Saved data entries
-------------------------
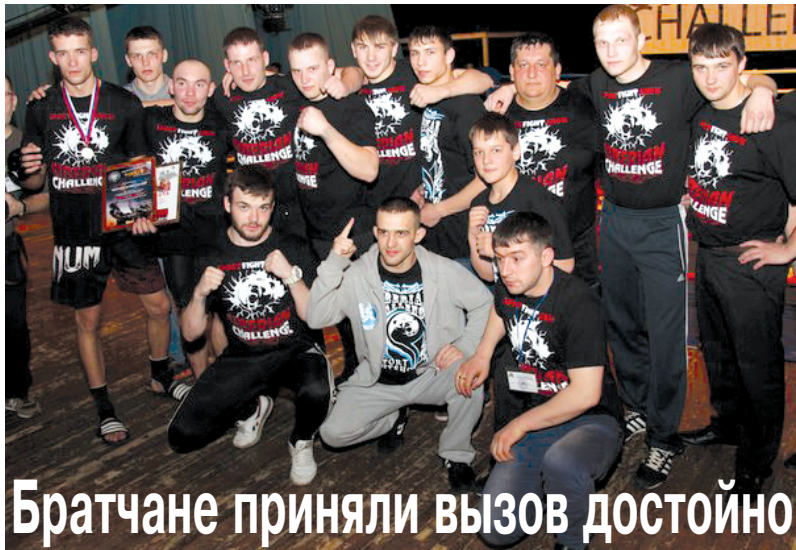
Братчане приняли вызов достойно

Участниками турнира стали спортсмены из Красноярска, Хабаровска, Железногорска-Илимского, Иркутска, Усть-Илимска, Москвы, Ульяновска, Боснии и Герцеговины (Сараево), Финляндии (Хельсинки), Сербии (Белград) и, конечно же, братчане - студенты нашего университета.
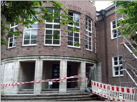
Das Haupttreppenhaus muss och gesperrt bleiben.
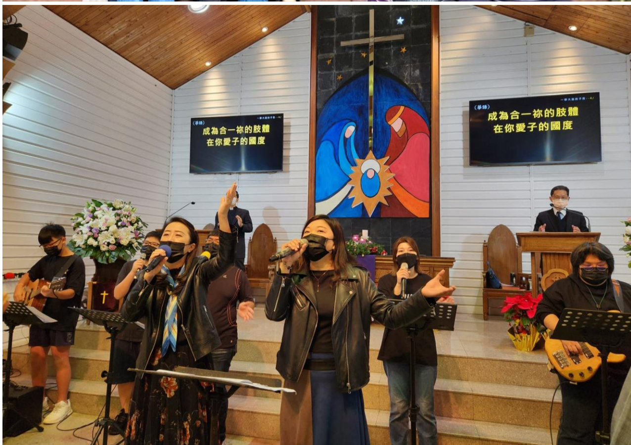
圖上：2022/12/6 社區部門同工退修會 圖下：2022/12/11 小組收割主日-以勒敬拜團 你，惟獨你是耶和華！你造了天和天上的天，並天上的萬象，地和地上的萬物，海和海中所有的；這一切都是你所保存的。天軍也都敬拜你。(尼希米記九；6)
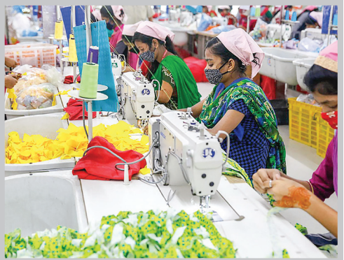
کارگران زن بنگلادشی در یک کارخانه اروپایی، در غازیپور کار می‌کنند در حالیکه از حقوق اولیه خود برخوردار نیستند.
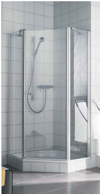
IBIZA 2000 Fünfeck-Duschkabine (Schwingtür mit Festfeldern)
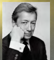
創設者 フレデリック・マル

爽やかな香りもいいが、男はときにセクシーな香りも必要。“破滅のムスク”とも称されるこちらは、官能的なムスク使いが得意なモーリス・ルーセルの作品。19年前に生まれたオリエンタルの名香は古さを感じず、むしろ新鮮な驚きさえある。大人の男だからこそこなせるアンバーやバニラのふくいくたる香りを味方にしたい。
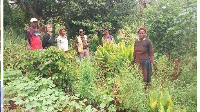
(DM SUISSE) VISITES PAR LES PARTENAIRES DE QUELQUES PÉPINIÈRES
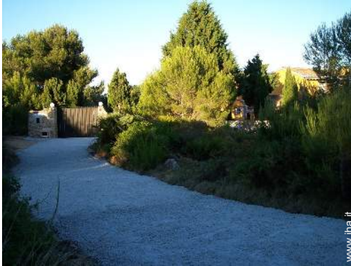
vista sulla foresta
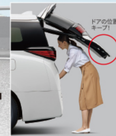
パワーバックドア(ロックアイジーセンサー検 み込み防止機能・停止位置メモリー機能・パワーバ ックドアスイッチ(車両サイド・バックドア下端)付) 【Executive Lounge, Zに標準装備, Gにメーカー オプション】スマートキー(2個)がO.G.入りとなりま す。
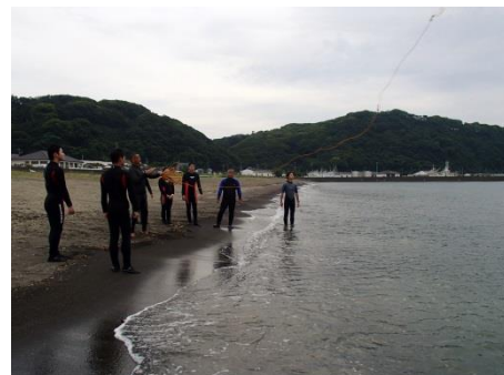
さすが遠くまで飛びますね
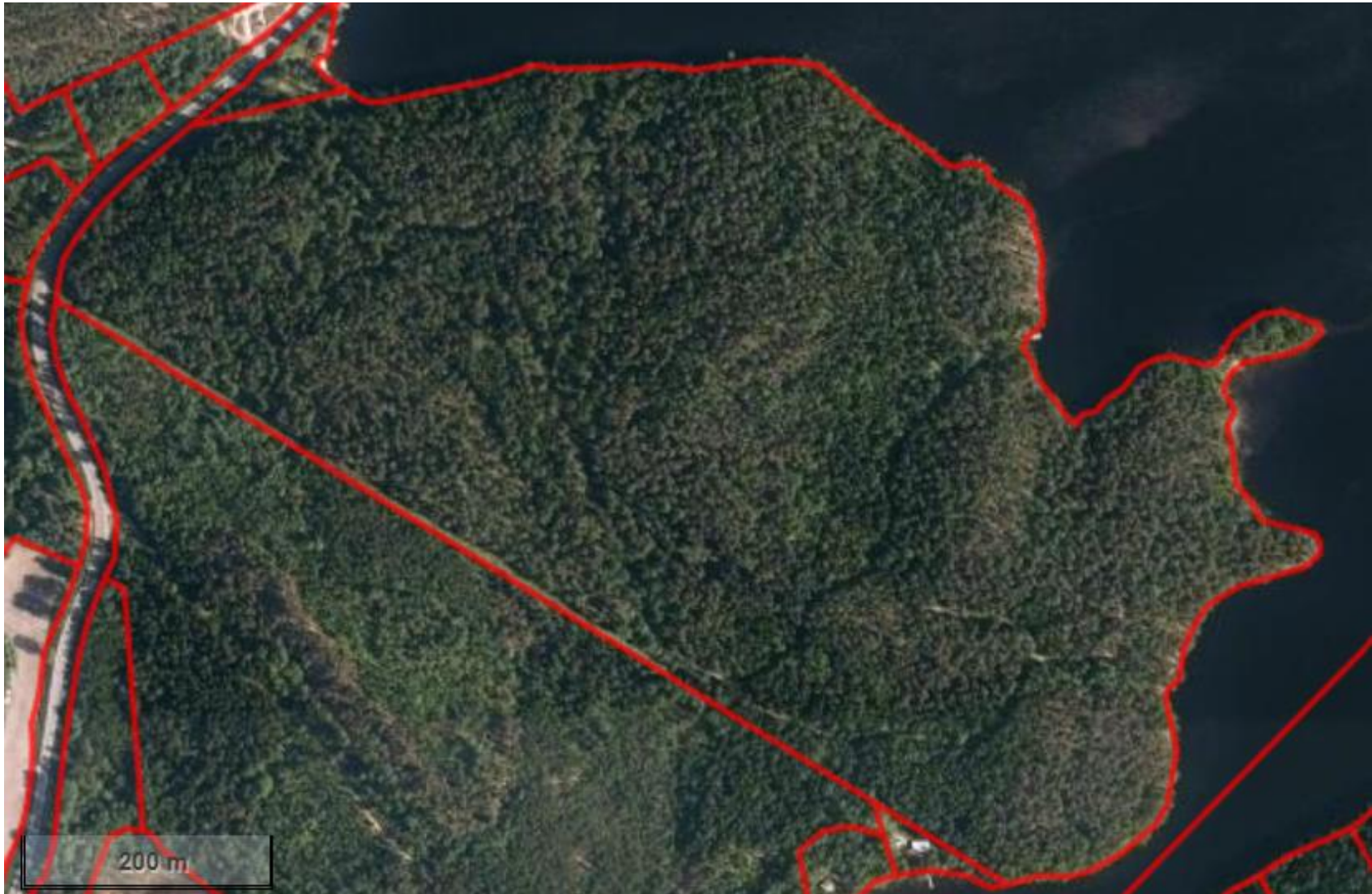
Ilmakuva on otettu n. vuonna 2016. Kuvioiden 2, 7 ja 9 harvennuksia ei ollut vielä tehty, ei myöskään naapurikuvion avohakkuuta kuvion 7 vieressä. Vertaa karttaan edellisellä sivulla.
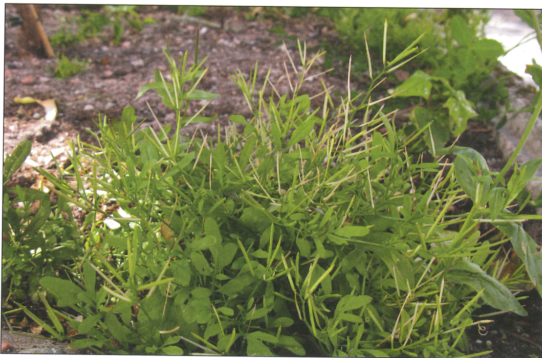
Risbräsma Cardamine occulta i planteringskärl i Luthagen, Uppsala 6 juli 2017.
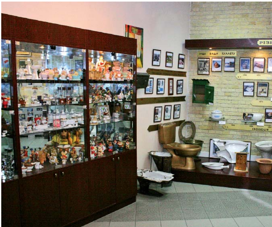
Музей історії туалету – за крок до Книги рекордів Гіннеса

Нині вже створено робочу групу, у складі якої ветерани профспілкового руху, фахівці музейної справи та науковці, які спільно працюватимуть над розробленням нової концепції музейної експозиції та виготовленням дизайн-макета проекту з внутрішнього оформлення експозиції, розміщення світла, аудіо- та відеообладнання тощо.
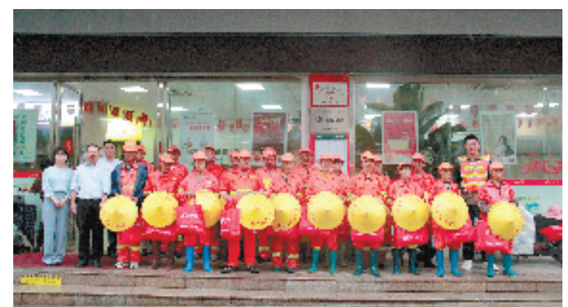
户外劳动者驿站活动

“未来，缙云县将持续发力、全面深化改革，全方位保障劳动者权益，为构建和谐美好的劳动环境添砖加瓦。”缙云县总工会相关负责人说。
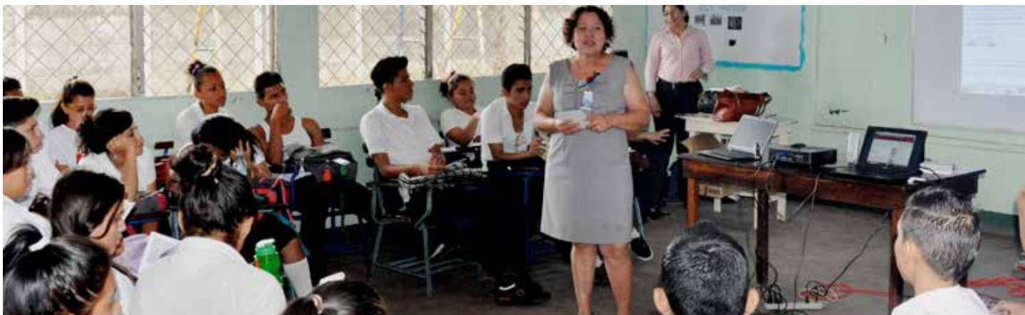
Estudiantes de secundaria durante la presentación de la Biblioteca Virtual de UNFPA, repositorio digital con cientos de publicaciones sobre adolescentes, jóvenes, derechos sexuales y reproductivos, entre otros temas.

A través de RECIMUNI distintas Bibliotecas y Centros de Documentación participaron en la Feria Informativa del Día Internacional de la Mujer y en la Feria realizada en la UNI para conmemorar el Día Mundial de la Población, donde se realizó asimismo la exhibición fotográfica "Managua en el Recuerdo", de la Alcaldía de Managua.
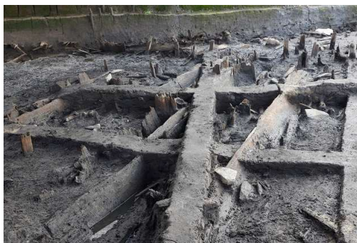
弥生時代終末期 (約1,750年前) の造成遺構
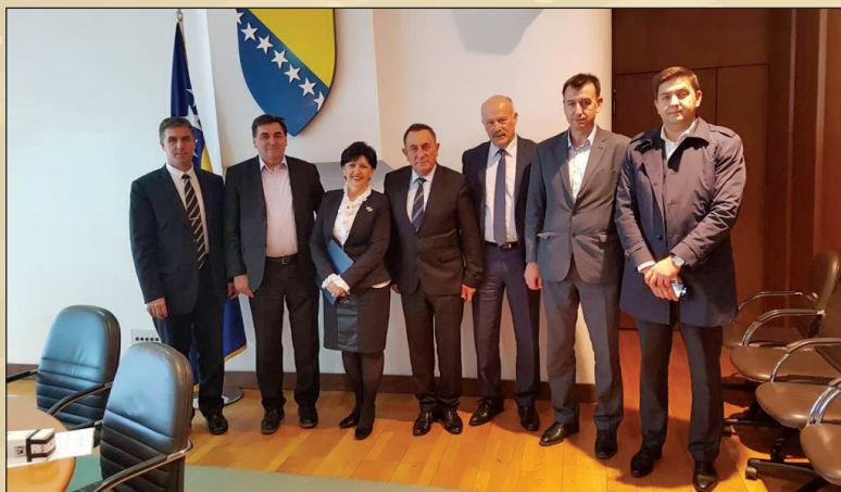
Na potpisivanju Memoranduma o saradnju sa iseljništvom

Za ovu saradnju je, za sada, predviđeno 10 zemalja.
-------------------------
Copy exactly the lines of the entries above from the one containing "Das Haupttreppenhaus muss" through the one containing "Музей історії туалету". Both end lines count; pictures do not.

Das Haupttreppenhaus muss och gesperrt bleiben.
圖上：2022/12/6 社區部門同工退修會 圖下：2022/12/11 小組收割主日-以勒敬拜團 你，惟獨你是耶和華！你造了天和天上的天，並天上的萬象，地和地上的萬物，海和海中所有的；這一切都是你所保存的。天軍也都敬拜你。(尼希米記九；6)
کارگران زن بنگلادشی در یک کارخانه اروپایی، در غازیپور کار می‌کنند در حالیکه از حقوق اولیه خود برخوردار نیستند.
IBIZA 2000 Fünfeck-Duschkabine (Schwingtür mit Festfeldern)
創設者 フレデリック・マル

爽やかな香りもいいが、男はときにセクシーな香りも必要。“破滅のムスク”とも称されるこちらは、官能的なムスク使いが得意なモーリス・ルーセルの作品。19年前に生まれたオリエンタルの名香は古さを感じず、むしろ新鮮な驚きさえある。大人の男だからこそこなせるアンバーやバニラのふくいくたる香りを味方にしたい。
(DM SUISSE) VISITES PAR LES PARTENAIRES DE QUELQUES PÉPINIÈRES
vista sulla foresta
パワーバックドア(ロックアイジーセンサー検 み込み防止機能・停止位置メモリー機能・パワーバ ックドアスイッチ(車両サイド・バックドア下端)付) 【Executive Lounge, Zに標準装備, Gにメーカー オプション】スマートキー(2個)がO.G.入りとなりま す。
さすが遠くまで飛びますね
Ilmakuva on otettu n. vuonna 2016. Kuvioiden 2, 7 ja 9 harvennuksia ei ollut vielä tehty, ei myöskään naapurikuvion avohakkuuta kuvion 7 vieressä. Vertaa karttaan edellisellä sivulla.
Risbräsma Cardamine occulta i planteringskärl i Luthagen, Uppsala 6 juli 2017.
Музей історії туалету – за крок до Книги рекордів Гіннеса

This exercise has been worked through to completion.